--- SOURCE DATA ---
§

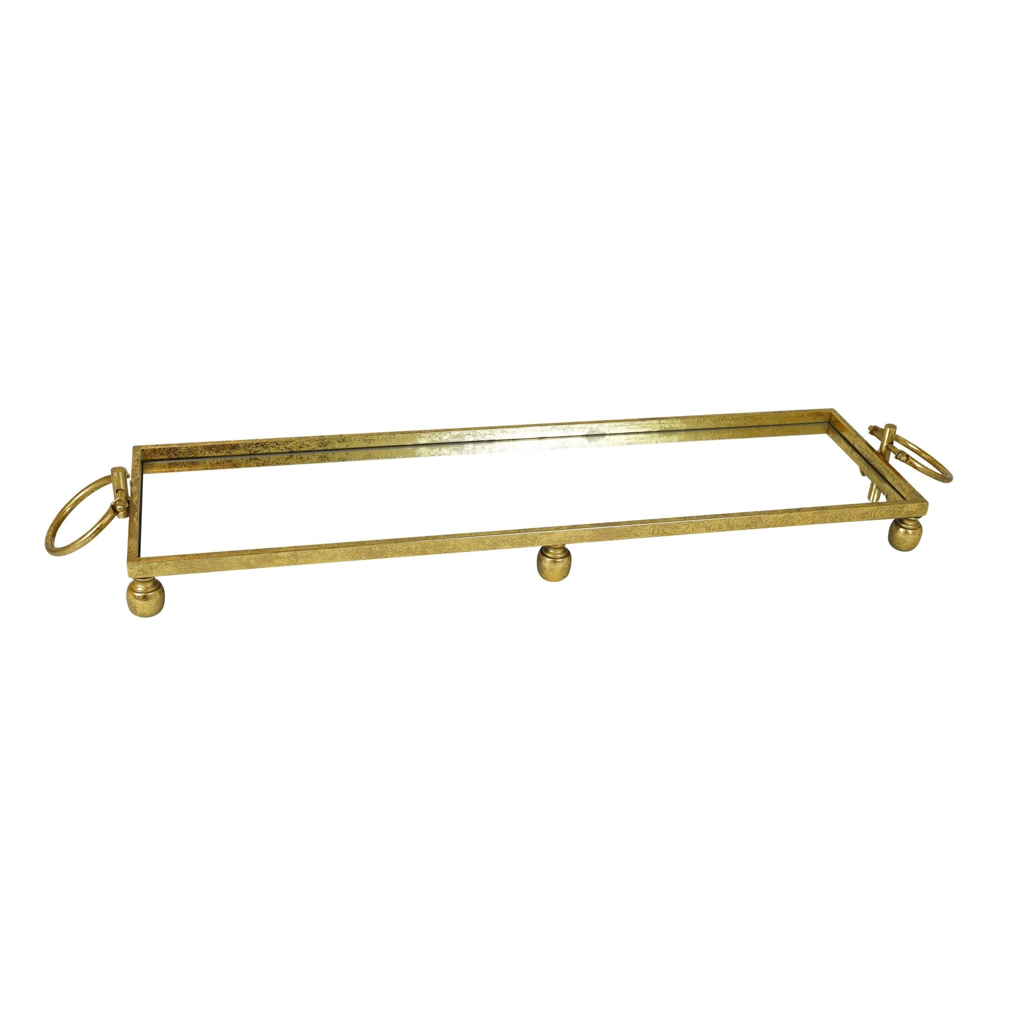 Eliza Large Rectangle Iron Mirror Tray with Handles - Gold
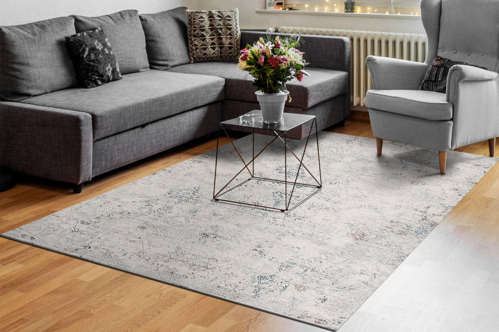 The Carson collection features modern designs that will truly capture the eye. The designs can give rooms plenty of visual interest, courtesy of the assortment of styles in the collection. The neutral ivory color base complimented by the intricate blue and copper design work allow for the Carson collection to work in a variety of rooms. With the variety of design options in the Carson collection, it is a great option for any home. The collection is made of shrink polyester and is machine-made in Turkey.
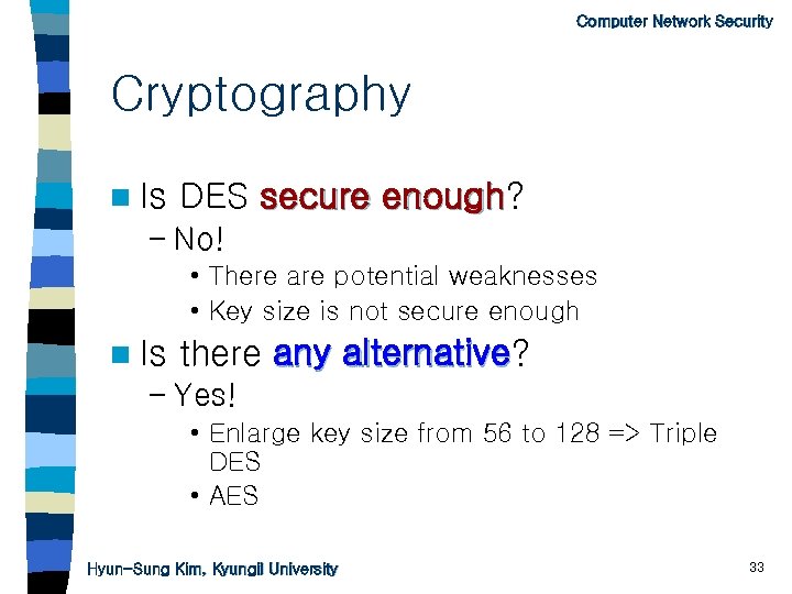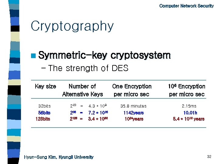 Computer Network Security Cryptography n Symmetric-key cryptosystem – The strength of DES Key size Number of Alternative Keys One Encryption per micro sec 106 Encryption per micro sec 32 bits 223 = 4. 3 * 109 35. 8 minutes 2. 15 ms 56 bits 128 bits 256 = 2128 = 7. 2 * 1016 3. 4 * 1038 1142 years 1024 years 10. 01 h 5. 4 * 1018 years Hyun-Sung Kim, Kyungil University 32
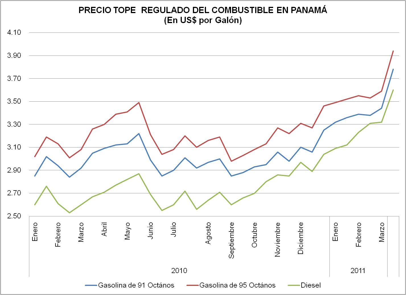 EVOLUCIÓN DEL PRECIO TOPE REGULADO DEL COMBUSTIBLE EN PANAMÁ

§

--- EXERCISE DESCRIPTION ---
Starting at the line above that holds "The Carson collection features", return each line up to and including the one that holds "Computer Network Security", exactly as written, minus any pictures.

--- RESPONSE ---
 The Carson collection features modern designs that will truly capture the eye. The designs can give rooms plenty of visual interest, courtesy of the assortment of styles in the collection. The neutral ivory color base complimented by the intricate blue and copper design work allow for the Carson collection to work in a variety of rooms. With the variety of design options in the Carson collection, it is a great option for any home. The collection is made of shrink polyester and is machine-made in Turkey.
 Computer Network Security Cryptography n Symmetric-key cryptosystem – The strength of DES Key size Number of Alternative Keys One Encryption per micro sec 106 Encryption per micro sec 32 bits 223 = 4. 3 * 109 35. 8 minutes 2. 15 ms 56 bits 128 bits 256 = 2128 = 7. 2 * 1016 3. 4 * 1038 1142 years 1024 years 10. 01 h 5. 4 * 1018 years Hyun-Sung Kim, Kyungil University 32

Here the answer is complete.